After an OSD becomes full—it uses 100% of its disk space—it will normally crash quickly without warning. Following are a few tips to remember when administering OSD nodes.

  • Each OSD's disk space (usually mounted under /var/lib/ceph/osd/osd-{1,2..}) needs to be placed on a dedicated underlying disk or partition.

  • Check the Ceph configuration files and make sure that Ceph does not store its log file to the disks/partitions dedicated for use by OSDs.

  • Make sure that no other process writes to the disks/partitions dedicated for use by OSDs.

4.7 Checking Monitor Status Edit source

After you start the cluster and before first reading and/or writing data, check the Ceph Monitors quorum status. When the cluster is already serving requests, check the Ceph Monitors status periodically to ensure that they are running.

To display the monitor map, execute the following:

cephadm > ceph mon stat

or

cephadm > ceph mon dump

To check the quorum status for the monitor cluster, execute the following:

cephadm > ceph quorum_status

Ceph will return the quorum status. For example, a Ceph cluster consisting of three monitors may return the following:

{ "election_epoch": 10,
  "quorum": [
        0,
        1,
        2],
  "monmap": { "epoch": 1,
      "fsid": "444b489c-4f16-4b75-83f0-cb8097468898",
      "modified": "2011-12-12 13:28:27.505520",
      "created": "2011-12-12 13:28:27.505520",
      "mons": [
            { "rank": 0,
              "name": "a",
              "addr": "192.168.1.10:6789\/0"},
            { "rank": 1,
              "name": "b",
              "addr": "192.168.1.11:6789\/0"},
            { "rank": 2,
              "name": "c",
              "addr": "192.168.1.12:6789\/0"}
           ]
    }
}

4.8 Checking Placement Group States Edit source

Placement groups map objects to OSDs. When you monitor your placement groups, you will want them to be active and clean. For a detailed discussion, refer to Monitoring OSDs and Placement Groups.

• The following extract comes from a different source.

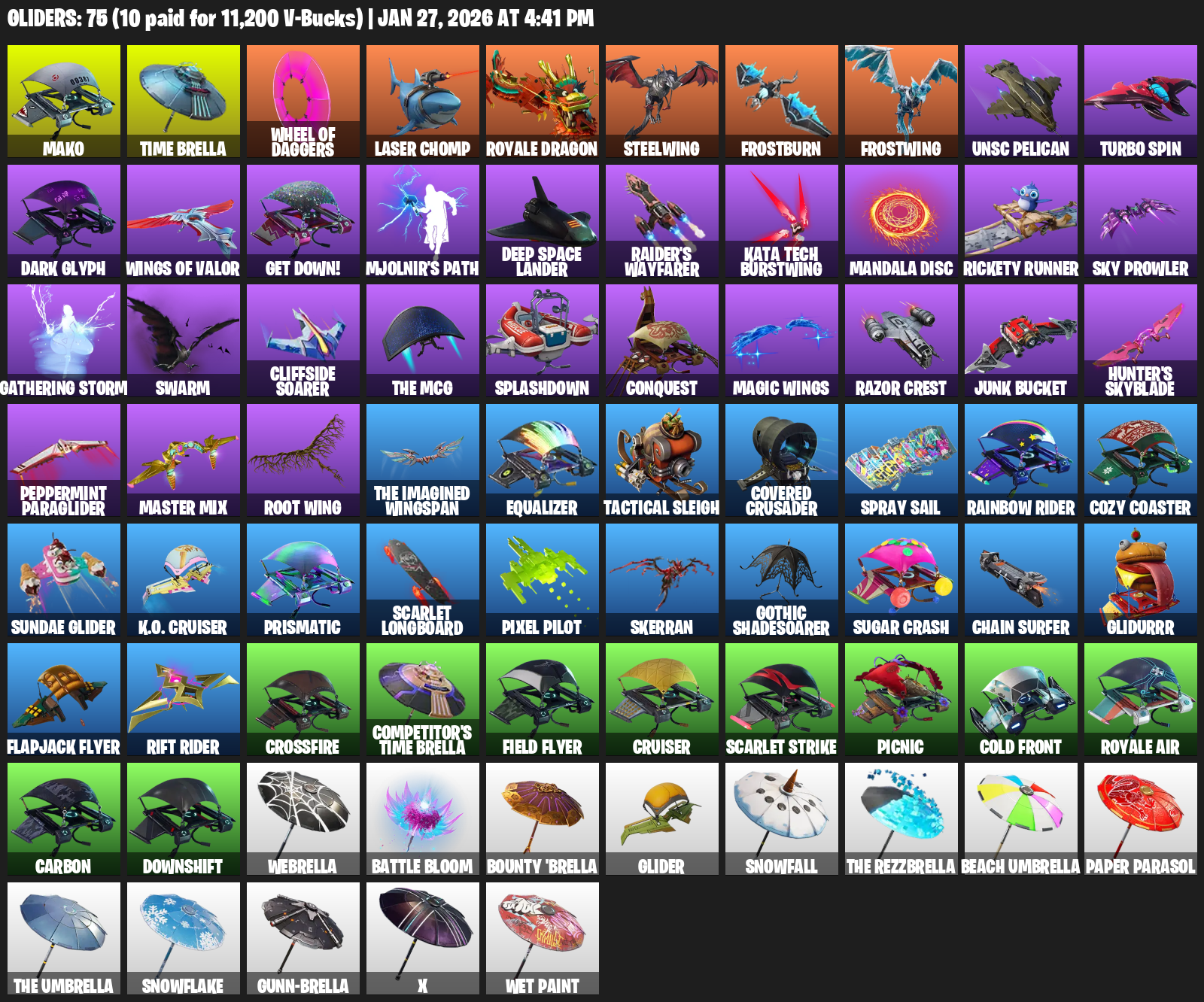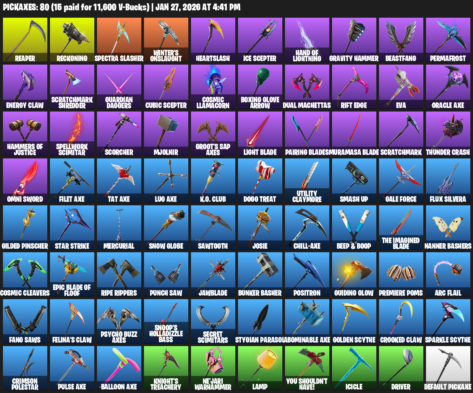 Reaper, Reckoning, Spectra Slasher, Winter’s Onslaught, Heartslash, Hand of Lightning, Gravity Hammer, Beastfang, Permafrost, Energy Claw, Scratchmark Shredder, Guardian Daggers, Cubic Scepter, Cosmic Llamacorn, Boxing Glove Arrow, Dual Machettas, Rift Edge, EVA, Oracle Axe

4.9 Using the Admin Socket Edit source

The Ceph admin socket allows you to query a daemon via a socket interface. By default, Ceph sockets reside under /var/run/ceph. To access a daemon via the admin socket, log in to the host running the daemon and use the following command:

cephadm > ceph --admin-daemon /var/run/ceph/socket-name

To view the available admin socket commands, execute the following command:

cephadm > ceph --admin-daemon /var/run/ceph/socket-name help

The admin socket command enables you to show and set your configuration at runtime. Refer to Viewing a Configuration at Runtimefor details.

Additionally, you can set configuration values at runtime directly (the admin socket bypasses the monitor, unlike ceph tell daemon-type.id injectargs, which relies on the monitor but does not require you to log in directly to the host in question).

5 Monitoring and Alerting Edit source

By default, DeepSea deploys a monitoring and alerting stack on the Salt master. It consists of the following components:

  • Prometheus monitoring and alerting toolkit.

  • Grafana visualization and alerting software.

  • The prometheus-ceph_exporter service running on the Salt master.

  • The prometheus-node_exporter service running on all Salt minions.

The Prometheus configuration and scrape targets (exporting daemons) are setup automatically by DeepSea. DeepSea also deploys a list of default alerts, for example health error, 10% OSDs down, or pgs inactive.

The Alertmanager handles alerts sent by the Prometheus server. It takes care of de-duplicating, grouping, and routing them to the correct receiver. It also takes care of silencing of alerts. Alertmanager is configured via the command line flags and a configuration file that defines inhibition rules, notification routing and notification receivers.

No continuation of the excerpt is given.